What's land-net?

2003年当時、ホームページ中に書いた長文エッセイ「悲しいケヤキ」。

長い上に内容も地味…ときて、読んでくれる人がいるんだろうかと思っていたそれは想像に反して、驚くほどいろいろな「縁」を私に運んできてくれました。

そしてエッセイを書いたのち3年かけて私は「街路樹」という運命を負った全国の木々が、今どれだけ悲惨な状況にあるのかを再認識したのでした。

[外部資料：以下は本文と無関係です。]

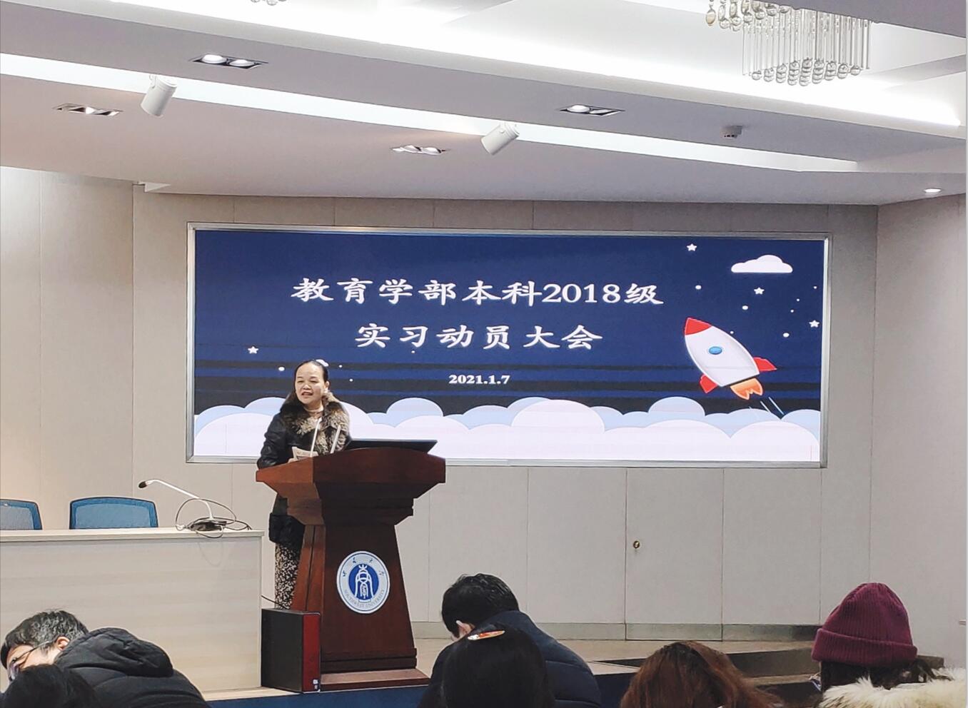 为促进高校专业人才培养方案和教学计划的进一步落实,推动专业学生更好地将理论知识转化为实践行动,确保实习工作的顺利开展,西南大学必赢3003no1线路检测中心特于2021年1月7日上午10点在田家炳教育书院811卓越讲坛报告厅隆重举行必赢3003no1线路检测中心本科2018级实习动员大会。出席本次动员大会的领导和老师有:必赢3003no1线路检测中心副部长王正青教授,特殊教育学院院长赵斌副教授,学前教育学院常务副院长胥兴春副教授,教育学院副院长田晓伟教授,教育技术学院常务副院长余亮副教授,教育学专业实习指导教师邓翠菊副教授,2018级晏阳初创新实验班班主任、实习指导教师张铭凯副教授,学前教育专业实习指导教师王丹副教授、苏贵民副教授、余璐副教授,特殊教育专业实习指导教师凌东山老师,教育技术专业实习指导教师段金菊教授、奚晓霞副教授、谢涛副教授、陈敏老师、韩继宁老师,2018级教育技术班班主任、实习指导教师龚朝花老师,必赢3003no1线路检测中心团委书记、本科2018级辅导员李晶晶老师。此外,到场的还有学部本科2018级全体学生。

「街路樹」たち。それは街に住む人間にとって一番身近な木々たちであり、人が作ることができる自然であり、環境です。

あなたの街の街路樹たちは、生き生きとしていますか?

その幹はたくましく、根は大地にしっかりと張り、葉を空にそよがせていますか?

葉の落ちた冬の木立を、美しいと感じますか?

夏に街路樹の木陰で涼むことができますか?

そうでないとしたら、それは何故なのでしょうか。どうしていったらよいのでしょうか。

 

パソコン、携帯電話、インターネット、情報の伝達や記録のシーンは、アナログからデジタルへと移り変わっています。

ONかOFFかの隙間に存在するはずの「時」。その時とともに生きるものたちは、世の中の片隅に追いやられていきます。

短時間で簡単に手に入る膨大な「情報」・・・それは自分の目で見ていないもの、手で触れていないもの。

そんな「情報」を集めることに、世の中は一生懸命になっているように思います。

そして人は長い時間、情報を映すモニターを見つめているように思います。

普段歩いている地面を、じっと見つめたことはありますか。

土を一歩も踏みしめることなく、歩いてはいませんか。

あなたが歩く場所には、石や木はありますか。水は流れていますか。

これから先、私達が、そして私達の子供が踏みしめる「地面」は、どう変わっていくのでしょうか。

業界を問わず誰もが厳しい現実に直面し、自分の身を守ることで精一杯になっている今、命ある街路樹たちに私にできることは何でしょうか。

「land」は「地面」。地面は、「大地」、earth(地球)の一部です。

今、私が立っている小さな地面も、大地へ、地球へと繋がっています。